The measurements were also carried out in early May and, according to the researchers, additional resources were deployed during the growing season until harvest. In conventional cultivation, on average dozens of pesticide applications are common during the season, making more complex mixtures of multiple substances and temporarily higher concentrations likely.
According to the analysis, valley meadows near apple orchards were particularly contaminated, but pesticide residues were even found in remote mountain meadows at an altitude of more than 2,000 meters. One of the substances found was the insecticide methoxyphenozide. It was said to be found in almost half of soil and plant samples. In Germany, the use of methoxyphenozide has been banned since 2018 due to its environmental damage.

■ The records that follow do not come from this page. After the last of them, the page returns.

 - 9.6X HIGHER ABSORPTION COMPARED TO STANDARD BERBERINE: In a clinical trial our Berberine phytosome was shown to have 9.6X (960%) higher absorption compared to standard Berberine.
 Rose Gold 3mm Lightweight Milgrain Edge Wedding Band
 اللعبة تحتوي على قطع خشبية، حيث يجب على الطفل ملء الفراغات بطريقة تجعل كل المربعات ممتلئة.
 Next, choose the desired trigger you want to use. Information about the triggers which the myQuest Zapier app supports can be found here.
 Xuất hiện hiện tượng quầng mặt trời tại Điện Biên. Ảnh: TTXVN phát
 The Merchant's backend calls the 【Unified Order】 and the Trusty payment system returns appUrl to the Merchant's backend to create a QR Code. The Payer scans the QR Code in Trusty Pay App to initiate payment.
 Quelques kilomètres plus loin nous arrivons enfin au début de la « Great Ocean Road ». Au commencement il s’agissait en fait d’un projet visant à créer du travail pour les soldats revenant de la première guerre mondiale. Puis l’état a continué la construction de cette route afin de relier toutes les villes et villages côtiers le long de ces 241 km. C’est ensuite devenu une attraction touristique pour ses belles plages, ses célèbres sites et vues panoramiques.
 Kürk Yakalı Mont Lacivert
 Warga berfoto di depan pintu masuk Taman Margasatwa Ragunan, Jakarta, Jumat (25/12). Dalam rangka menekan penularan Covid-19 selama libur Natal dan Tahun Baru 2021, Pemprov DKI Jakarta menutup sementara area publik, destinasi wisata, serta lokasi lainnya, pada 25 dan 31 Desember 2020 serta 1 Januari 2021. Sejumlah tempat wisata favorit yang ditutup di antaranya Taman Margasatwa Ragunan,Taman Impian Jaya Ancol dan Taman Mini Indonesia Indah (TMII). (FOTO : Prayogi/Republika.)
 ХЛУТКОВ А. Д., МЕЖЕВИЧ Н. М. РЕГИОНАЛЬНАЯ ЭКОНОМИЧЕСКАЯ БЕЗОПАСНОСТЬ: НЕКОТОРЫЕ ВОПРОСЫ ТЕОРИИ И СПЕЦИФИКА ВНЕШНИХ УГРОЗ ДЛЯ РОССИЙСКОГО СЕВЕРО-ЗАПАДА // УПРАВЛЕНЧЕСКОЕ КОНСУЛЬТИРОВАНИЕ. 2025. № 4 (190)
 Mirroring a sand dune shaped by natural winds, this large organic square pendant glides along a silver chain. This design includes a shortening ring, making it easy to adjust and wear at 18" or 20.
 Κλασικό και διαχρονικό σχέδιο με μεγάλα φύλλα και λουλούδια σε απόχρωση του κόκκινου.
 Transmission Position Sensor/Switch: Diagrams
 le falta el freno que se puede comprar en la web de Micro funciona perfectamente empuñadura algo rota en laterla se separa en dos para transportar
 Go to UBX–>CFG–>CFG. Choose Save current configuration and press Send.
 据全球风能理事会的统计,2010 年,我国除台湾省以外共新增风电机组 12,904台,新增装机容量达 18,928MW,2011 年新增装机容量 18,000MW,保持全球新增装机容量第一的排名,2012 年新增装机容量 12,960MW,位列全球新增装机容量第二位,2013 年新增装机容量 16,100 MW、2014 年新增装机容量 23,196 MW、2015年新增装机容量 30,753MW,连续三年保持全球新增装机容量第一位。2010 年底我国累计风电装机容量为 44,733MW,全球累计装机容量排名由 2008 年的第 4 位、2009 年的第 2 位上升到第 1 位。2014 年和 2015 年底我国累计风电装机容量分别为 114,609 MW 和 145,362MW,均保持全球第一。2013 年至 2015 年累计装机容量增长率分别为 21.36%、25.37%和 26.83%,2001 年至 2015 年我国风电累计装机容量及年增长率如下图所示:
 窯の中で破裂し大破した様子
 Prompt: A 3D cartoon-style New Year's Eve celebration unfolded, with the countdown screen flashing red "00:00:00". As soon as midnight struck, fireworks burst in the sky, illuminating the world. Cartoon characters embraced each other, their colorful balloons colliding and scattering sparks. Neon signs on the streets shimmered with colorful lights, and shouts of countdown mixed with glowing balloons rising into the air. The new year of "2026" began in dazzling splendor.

The team concludes from the results that the technology for applying pesticides in apple cultivation obviously needs to be improved. A drastic reduction in the use of pesticides is necessary. It is also important to promote the so-called functional biodiversity in the apple orchards and their environment – for example with natural, flowery grassland to provide more living space for natural opponents of apple pests. However, there is also demand from consumers and supermarkets, the researchers said: More acceptance is needed of apples that do not look as perfect, as is often the case when fewer or no pesticides are used. (sda/dpa)
Soource :Watson
I am Amelia James, a passionate journalist with a deep-rooted interest in current affairs. I have more than five years of experience in the media industry, working both as an author and editor for 24 Instant News. My main focus lies in international news, particularly regional conflicts and political issues around the world.